А в тёплом поле пахло молоком.


Фри-Лав

 

Какая ночь,
И как же ты пьяна,
О боже!
Но все мои уловки наготове –

Так я ловкач ловлю тебя на слове,
И, верно, понимаю, что «быть может»…

Какая грудь,
И как же ты пьяна,
Что даже дед Мамонов устыдился б,
Но надо бы признать – я сам напился,
Ползу, ползу в сиреневой накидке,
Ползу на Фудзи по следам жёлтой улитки,
Ползу в кровать...
Ах, дайте скрипку, я буду Моцарта играть!

Какая ночь,
Какая тайна мрака!..
Мой друг Есенин отлупил собаку,
Что подняла конечность на берёзу.
Орёт хозяйка – «бейте лимиту,
не эту,
ту!»
И – в слёзы…

Ну не Москва – тьмутараканьско царство:
Стрелять их надо!
Спокойно, граждане, на то есть государство
И мент-сосед с глазами Миши Круга…

Снимай штаны, давай любить друг друга!

Площадь трапеции

 

(Кафе)…

Она села,
И сразу –
До спазмов, до коликов –
Рвутся глаза,
В горле красный ком перца:
Я смотрю,
Как под её куцым столиком
Белый треугольник
Ширится в трапецию!

Выпила, встала,
Уходит,
Я за ней следом!
Ладони вспотели, когда потёк в её ушко:
«Хотите, буду вам псом
И собою, как пледом,
Укрывать ваши ножки,
А хотите,
Буду игрушкой?!..»

Отвечает:
«Вы меня задушили, достали,
Хватит,
Мне дурно!
Когда это кончится?!
Мне
до матери
Ваши радости-печали
И то, что вам в брюки
Залезло
Одиночество!»

…А потом,
В пахнущей дизелем роще,
Мы пили спирт,
(Я закусывал её улыбкой
И думал: что может быть проще?)
Если честно, то руки дрожали,
Рвали пуговицы,
И трещала по швам
Её накидка...

Возвращаясь домой, под утро,
Когда люди шли на работы,
Вдоль дороги
Полил каждый куст
Кислотой
Своей радостной рвоты.

12 марта, 2005


На Муромской дорожке

 

В небесах у осени –
Ледяные просини.
Покачнулись ясени –
Поднялись чуть свет.
Шёл Есенин старенький,
С бородой до пояса,
Муромской дороженькой в город Назарет.

На треухе трёпанном
Свил гнездо воробушек,
В бороде ракитовой
Затаился тать,
А из сердца красного
Выросла берёзка,
Бросила поэта
И пошла гулять…

 

Чудо

 
…чудо нашло место в комнате,
в то моё детское утро,
когда у недельной мухи на потолке появилось имя,
а за стеной неумолимо возникал завтрак
(блины с клубничным вареньем) –

из мясных и механических маминых рук…
Короче, когда ребёнок был ребёнком.

Мы лежали голые в ещё вчерашней постели.
Я смотрел на тебя и чувствовал,
что, странное дело, перед тобой я смущаюсь своей наготы,
будто моё мужество не делает меня привлекательным,
мне казалось, что я раздет до лиловых костей позвоночника,
ты же голая была наглухо застегнута в собственную красоту
и совсем не стеснялась меня…
И мне это нравилось.

Я открыл окно и сорвал гроздь чёрной рябины –

никчёмных ягод, лакированных точно дохлые жуки;
вкус чёрной рябины, обычное дело, слишком сух,
захотелось пить, и время потянулось…

Нашлось ещё много вещей, о которых
я успел подумать
прежде чем отыскал ногой прикроватный коврик…

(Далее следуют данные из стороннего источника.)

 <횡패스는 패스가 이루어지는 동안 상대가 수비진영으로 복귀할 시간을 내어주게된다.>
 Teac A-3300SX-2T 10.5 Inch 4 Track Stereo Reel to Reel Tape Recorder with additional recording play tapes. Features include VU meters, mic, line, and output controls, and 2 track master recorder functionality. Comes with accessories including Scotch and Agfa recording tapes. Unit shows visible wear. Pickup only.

Также мы позанимались любовью два с половиной раза
(в конце концов мы же любим друг друга).
Когда ты хотела произнести это резкое, похвальное слово,
состоящее из одного звука,
я клал тебе на распустившиеся губы пальцы и никчёмные ягоды чёрной рябины.

Не нашлось бы ни одной причины писать об всём этом,
если бы это утро было не сегодня,
а я уже давно не зову друзей на свой день рождения.

 

© Дмитрий Лукьянов, 2005–2009.
© 45-я параллель, 2009.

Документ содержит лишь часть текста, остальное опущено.